So www.mydomain.com may point to your web server located in the basement of the small shop that does web page management for you and others. And mail.mydomain.com may point to a machine in other shop that's helping you with your email, or maybe to one of google's mail servers. And vpn.mydomain.com points to the vpn appliance at your business that lets you remote into your DB server from home. So all three of these use mydomain.com but all three have different IP addresses.

This makes it possible to put your mailserver on a different box, or even a completely different IP address / zip code. This has always been the case with domain names.

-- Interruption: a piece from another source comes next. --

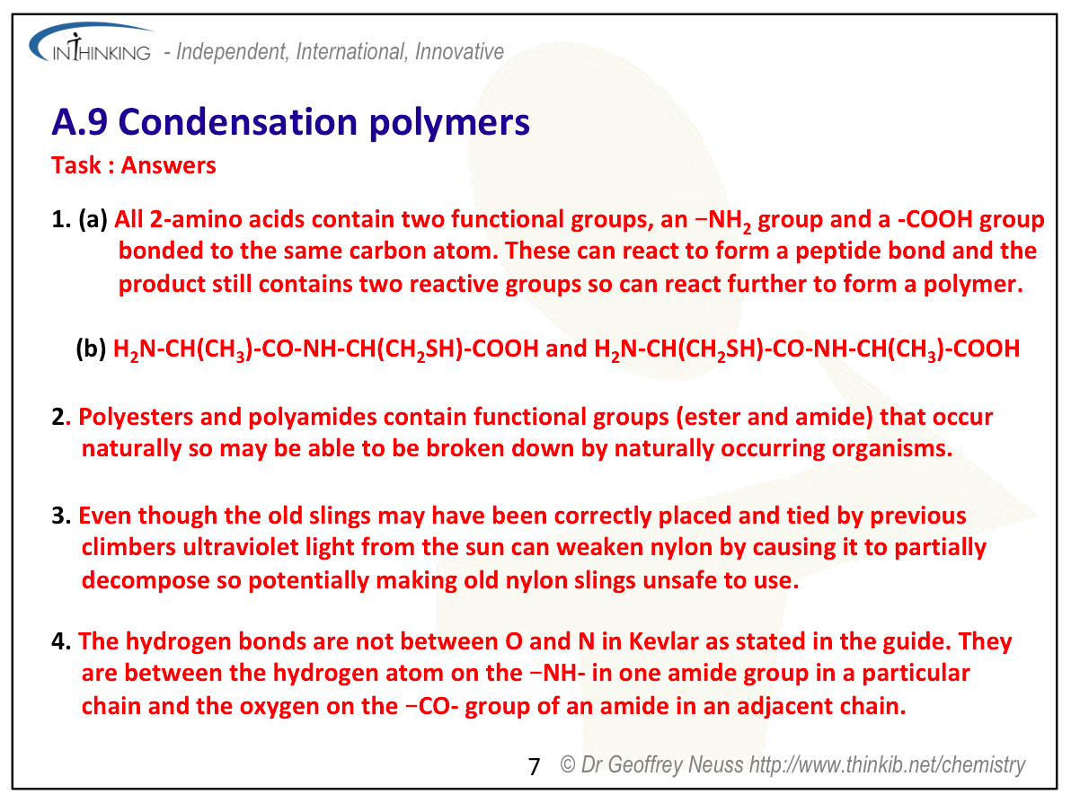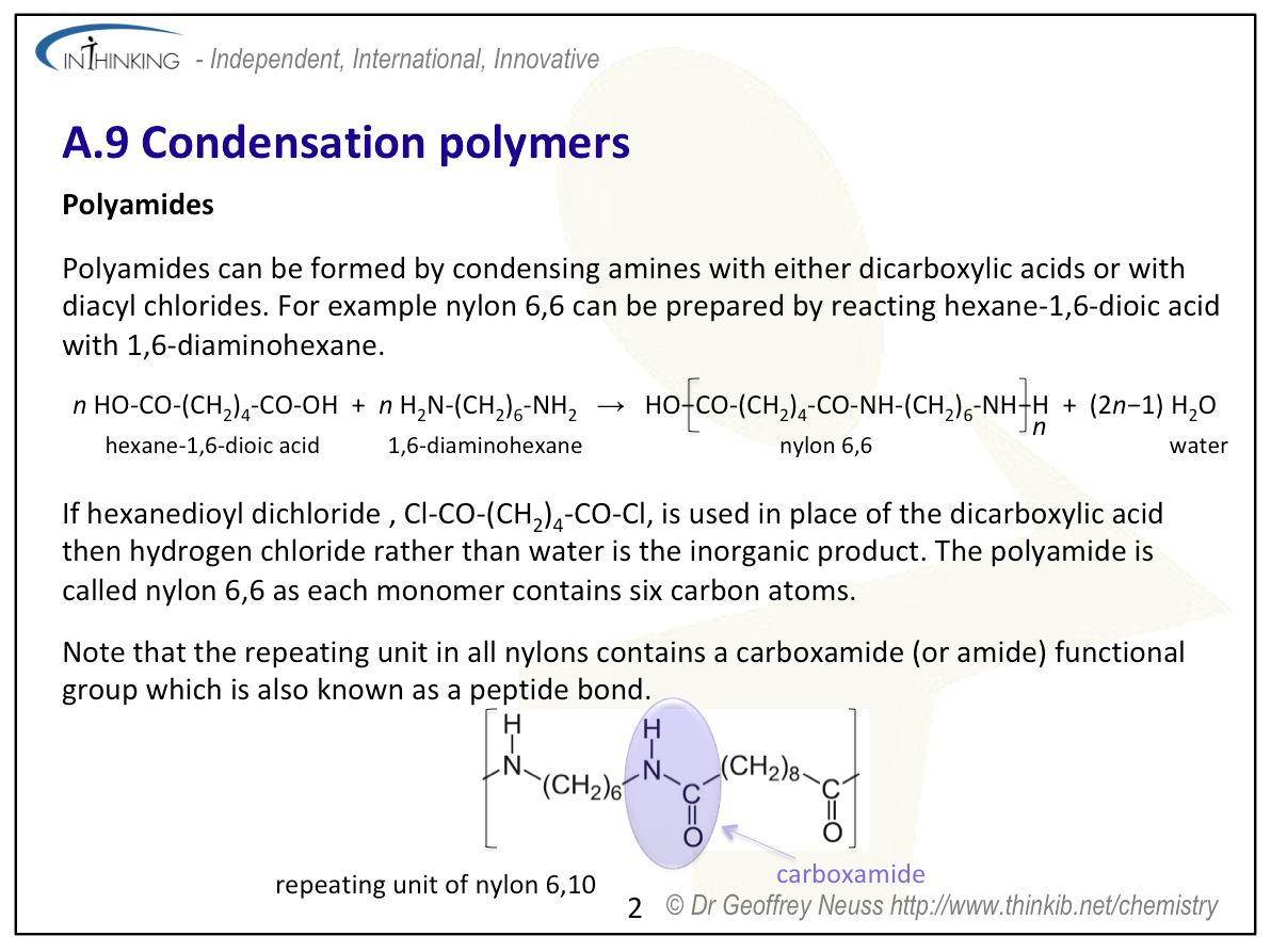 Teaching tipsThis is a very straightforward sub-topic to teach. Students need to be aware of the difference between an addition polymer and a condensation polymer and realise that to form a condensation polymer both monomers must contain at least two reactive functional groups. The classic two cases are the polymerisation of dicarboxylic acids with diols to form polyesters and the polymerisation of diamines with dicarboxylic acids or diacyl chlorides to form polyamides. If students understand which bonds are broken to form the polyester and polyamide links then they should be able to draw the repeating unit of the polymer. They should also be able to deduce the balanced equation for the reaction when n molecules of one monomer are reacted with n molecules of another molecule and realise that the balanced equation will contain (2n-1) molecules of the inorganic product which is usually water or hydrogen chloride. Use poly(ethyl benzene-1,4-dicarboxylate) (also known as polyethylene teraphthalate, PET, PETE, Terylene or Dacron) as an example of a polyester and it can be fun for students to make their own nylon 6,6 as an example of a polyamide. You will need to discuss the structure and cross-linking that can occur in Kevlar due to the hydrogen bonding between the oxygen of one peptide bond with a hydrogen atom attached to the nitrogen atom of another peptide bond. This results in a very ordered and strong three-dimensional structure. In strong acid solution the oxygen and nitrogen atoms in the amide linkage become protonated. This means they can no longer form hydrogen bonds so it leads to the breakdown of the cross-linkage and so weakens the strength of the Kevlar (see 'Pause for thought' above). Finally relate the formation of condensation polymers to green chemistry by calculating the atom economy (see Environmental impact - plastics) | Study GuidePage 120 QuestionsFor ten 'quiz' questions (for quick testing of knowledge and understanding with the answers explained) see MC test: Condensation polymers. For short-answer questions see Condensation polymers questions together with the worked answers on a separate page Condensation polymers answers. Vocabulary listcondensation polymerisation Practical work |

Mailservers have a little additional twist to them, that also ties into your domain name. "MX records" are attributes of your domain that tells any mailserver in the world where your mailserver is at. (since it doesn't HAVE to be mail.mydomain.com) When someone sends mail to dude@mydomain.com, their mailserver looks up mydomain.com and reads its MX record, and connects to the ip address it specifies, to drop off your mail. When google hosts your mail, you tell your registrar to point your MX record to the server they tell you to use, and it takes over from there. Instead of mail being delivered to your main box, its delivered to one of google's servers, waiting for you to pick it up there instead.

The delay could be caused by any number of things. First thing to check is simple, just look in the email client under Accounts and see how frequently it's checking for new mail. Unfortunately the other causes are probably mostly beyond your control and have to do with gmail itself. If you're getting the delays with your local mailserver, you really need a geek to stop by and poke around a bit.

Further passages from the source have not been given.